EXERCISE REQUIREMENTS
Could you transcribe exactly the lines from the one containing "Composition: Polyester, Spandex" through the last line of the records below, leaving out the pictures?

PROVIDED INFORMATION

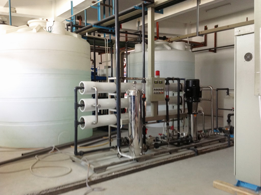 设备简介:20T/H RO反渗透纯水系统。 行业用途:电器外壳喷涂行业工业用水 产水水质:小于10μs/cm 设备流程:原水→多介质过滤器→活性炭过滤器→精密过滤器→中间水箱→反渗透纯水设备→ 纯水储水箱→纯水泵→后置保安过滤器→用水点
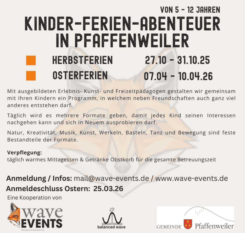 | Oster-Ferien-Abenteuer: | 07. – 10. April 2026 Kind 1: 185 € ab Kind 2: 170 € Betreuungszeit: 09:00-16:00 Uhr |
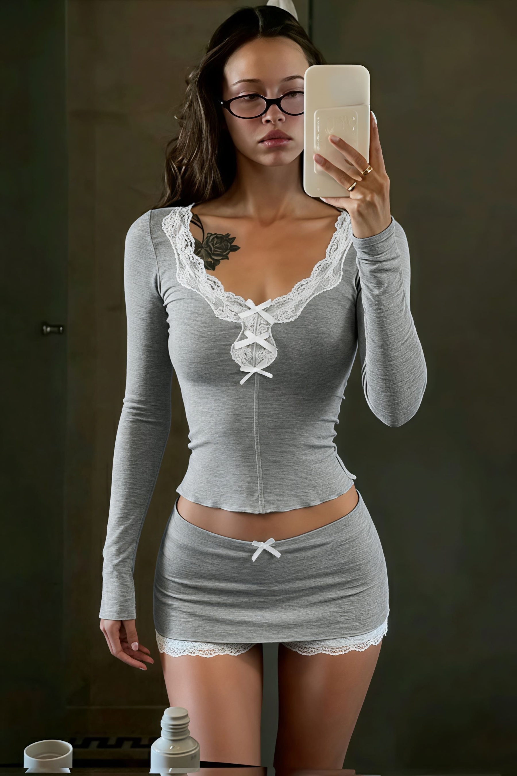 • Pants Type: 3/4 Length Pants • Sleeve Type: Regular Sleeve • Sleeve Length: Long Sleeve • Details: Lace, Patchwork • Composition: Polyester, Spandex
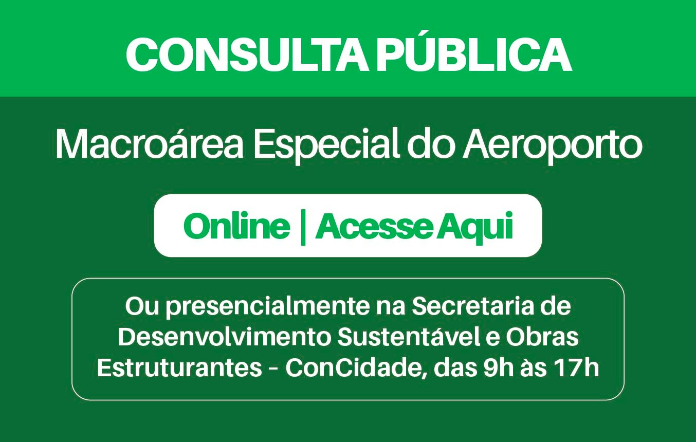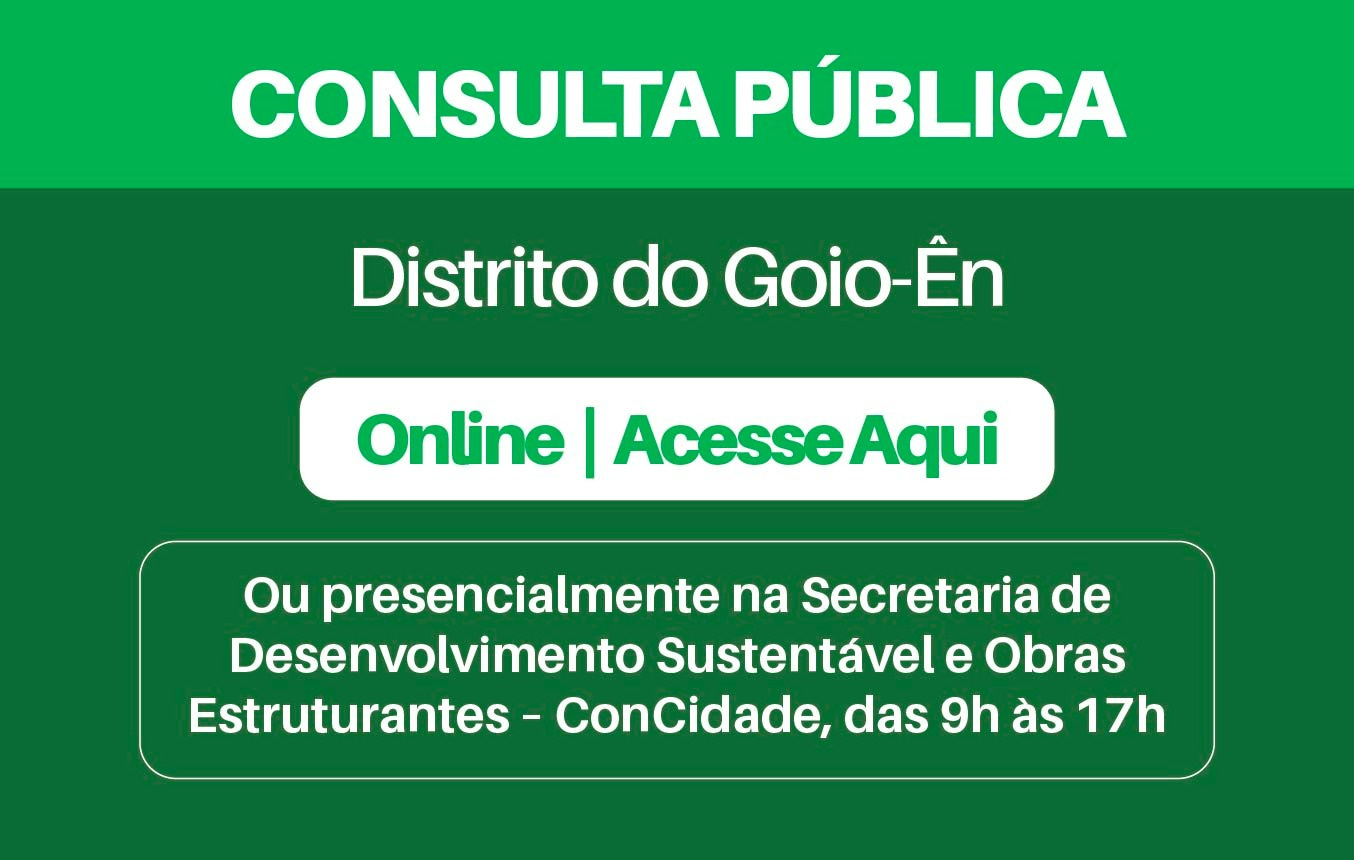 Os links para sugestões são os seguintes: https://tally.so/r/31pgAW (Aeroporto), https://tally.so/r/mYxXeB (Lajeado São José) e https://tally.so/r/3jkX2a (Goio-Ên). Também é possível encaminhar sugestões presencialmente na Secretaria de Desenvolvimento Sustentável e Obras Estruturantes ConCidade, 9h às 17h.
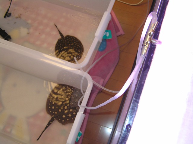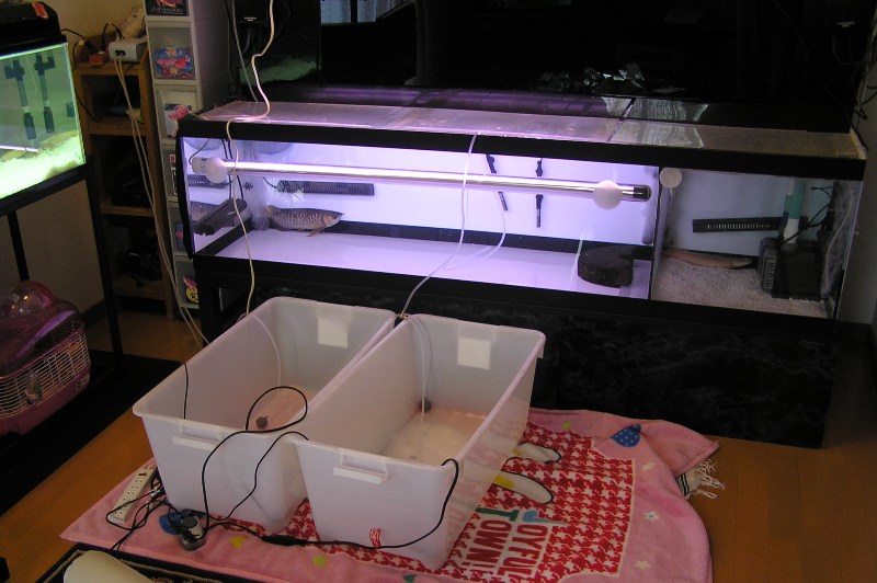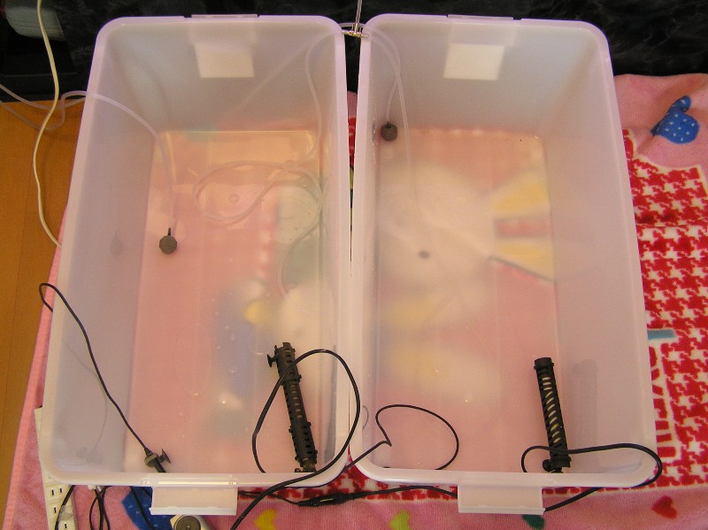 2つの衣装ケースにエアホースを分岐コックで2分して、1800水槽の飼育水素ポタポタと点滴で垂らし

COMPLETED EXERCISE
 • Pants Type: 3/4 Length Pants • Sleeve Type: Regular Sleeve • Sleeve Length: Long Sleeve • Details: Lace, Patchwork • Composition: Polyester, Spandex
 Os links para sugestões são os seguintes: https://tally.so/r/31pgAW (Aeroporto), https://tally.so/r/mYxXeB (Lajeado São José) e https://tally.so/r/3jkX2a (Goio-Ên). Também é possível encaminhar sugestões presencialmente na Secretaria de Desenvolvimento Sustentável e Obras Estruturantes ConCidade, 9h às 17h.
 2つの衣装ケースにエアホースを分岐コックで2分して、1800水槽の飼育水素ポタポタと点滴で垂らし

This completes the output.